Problem details: Return the lines below in which the string "back" occurs.

Source information:
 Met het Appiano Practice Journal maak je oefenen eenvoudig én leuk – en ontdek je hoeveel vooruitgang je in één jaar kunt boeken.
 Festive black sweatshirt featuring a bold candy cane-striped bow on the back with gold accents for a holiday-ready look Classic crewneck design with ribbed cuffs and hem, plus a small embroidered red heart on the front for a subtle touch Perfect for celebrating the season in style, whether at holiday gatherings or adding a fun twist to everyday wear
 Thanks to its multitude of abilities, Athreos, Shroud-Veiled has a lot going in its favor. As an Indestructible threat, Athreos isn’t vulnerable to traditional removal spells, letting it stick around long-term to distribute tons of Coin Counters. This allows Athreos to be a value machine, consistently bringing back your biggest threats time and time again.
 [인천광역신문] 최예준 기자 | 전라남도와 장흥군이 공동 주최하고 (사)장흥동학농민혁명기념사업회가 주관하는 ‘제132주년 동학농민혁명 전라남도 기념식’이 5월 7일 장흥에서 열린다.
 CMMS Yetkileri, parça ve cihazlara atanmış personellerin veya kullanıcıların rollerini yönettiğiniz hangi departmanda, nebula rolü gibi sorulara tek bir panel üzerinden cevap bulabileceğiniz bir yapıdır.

--

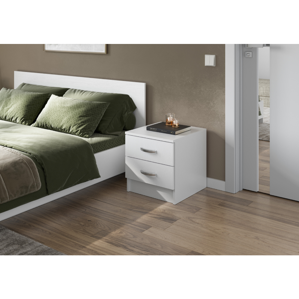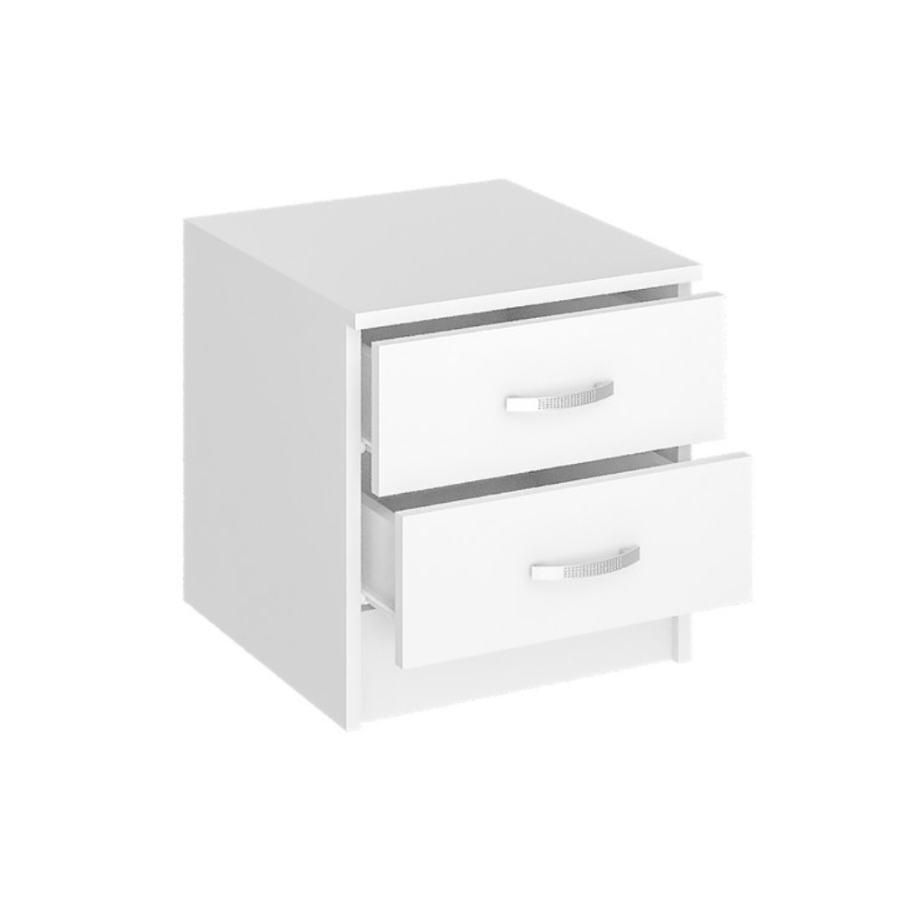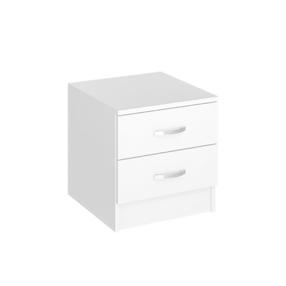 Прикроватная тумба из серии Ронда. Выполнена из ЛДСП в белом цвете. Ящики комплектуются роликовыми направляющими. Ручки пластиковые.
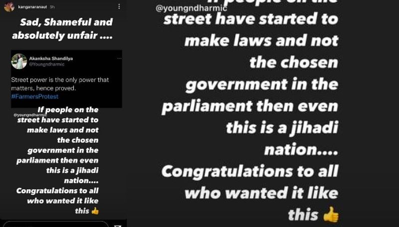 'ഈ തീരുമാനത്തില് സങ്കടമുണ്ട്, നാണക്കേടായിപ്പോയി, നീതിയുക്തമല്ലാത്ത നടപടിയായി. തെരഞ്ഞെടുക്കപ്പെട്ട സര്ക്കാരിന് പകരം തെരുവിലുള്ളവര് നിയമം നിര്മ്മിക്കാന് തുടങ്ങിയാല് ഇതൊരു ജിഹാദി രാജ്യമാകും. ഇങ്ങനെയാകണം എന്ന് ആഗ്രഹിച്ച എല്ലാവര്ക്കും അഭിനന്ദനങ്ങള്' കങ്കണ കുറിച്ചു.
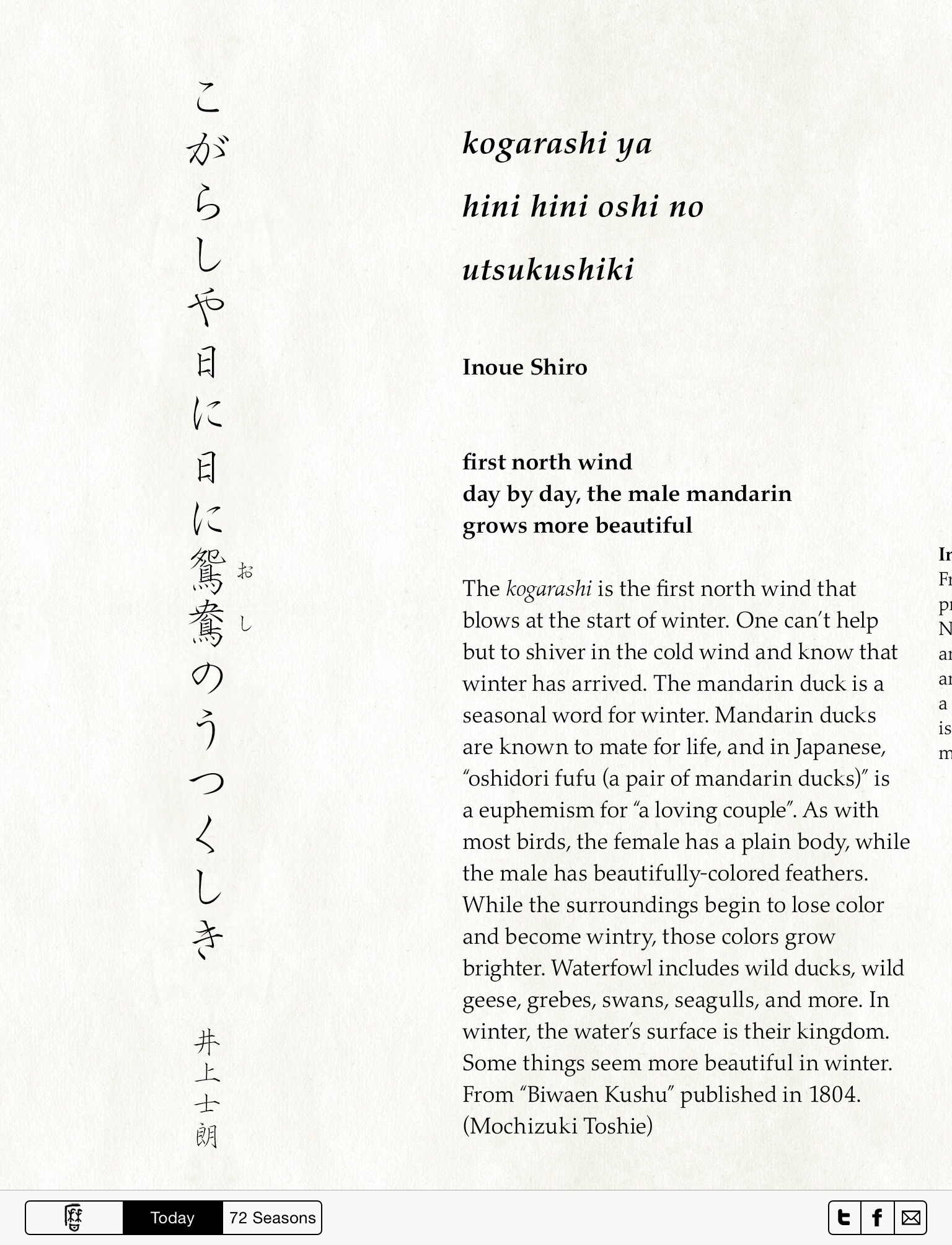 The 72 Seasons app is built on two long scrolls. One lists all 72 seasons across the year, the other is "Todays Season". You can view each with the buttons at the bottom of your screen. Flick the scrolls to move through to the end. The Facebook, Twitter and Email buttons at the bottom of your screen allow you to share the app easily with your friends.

...

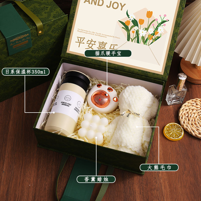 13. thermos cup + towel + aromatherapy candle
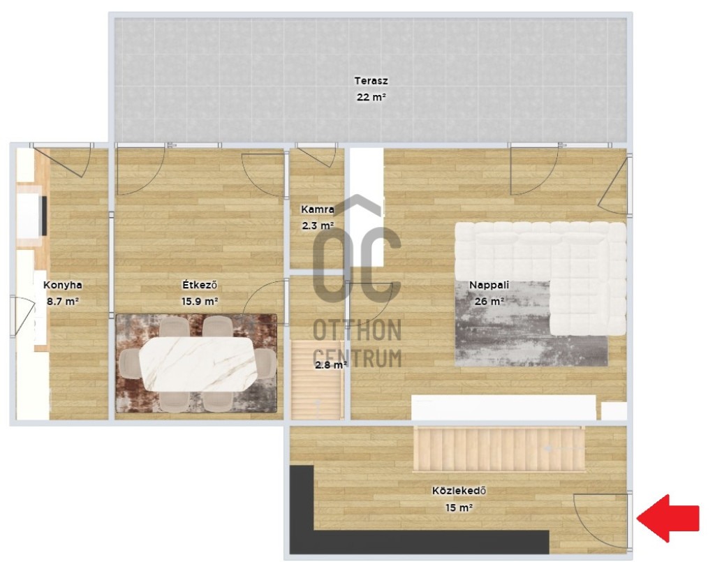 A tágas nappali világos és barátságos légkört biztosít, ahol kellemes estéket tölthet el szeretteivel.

Expected answer:
 Festive black sweatshirt featuring a bold candy cane-striped bow on the back with gold accents for a holiday-ready look Classic crewneck design with ribbed cuffs and hem, plus a small embroidered red heart on the front for a subtle touch Perfect for celebrating the season in style, whether at holiday gatherings or adding a fun twist to everyday wear
 Thanks to its multitude of abilities, Athreos, Shroud-Veiled has a lot going in its favor. As an Indestructible threat, Athreos isn’t vulnerable to traditional removal spells, letting it stick around long-term to distribute tons of Coin Counters. This allows Athreos to be a value machine, consistently bringing back your biggest threats time and time again.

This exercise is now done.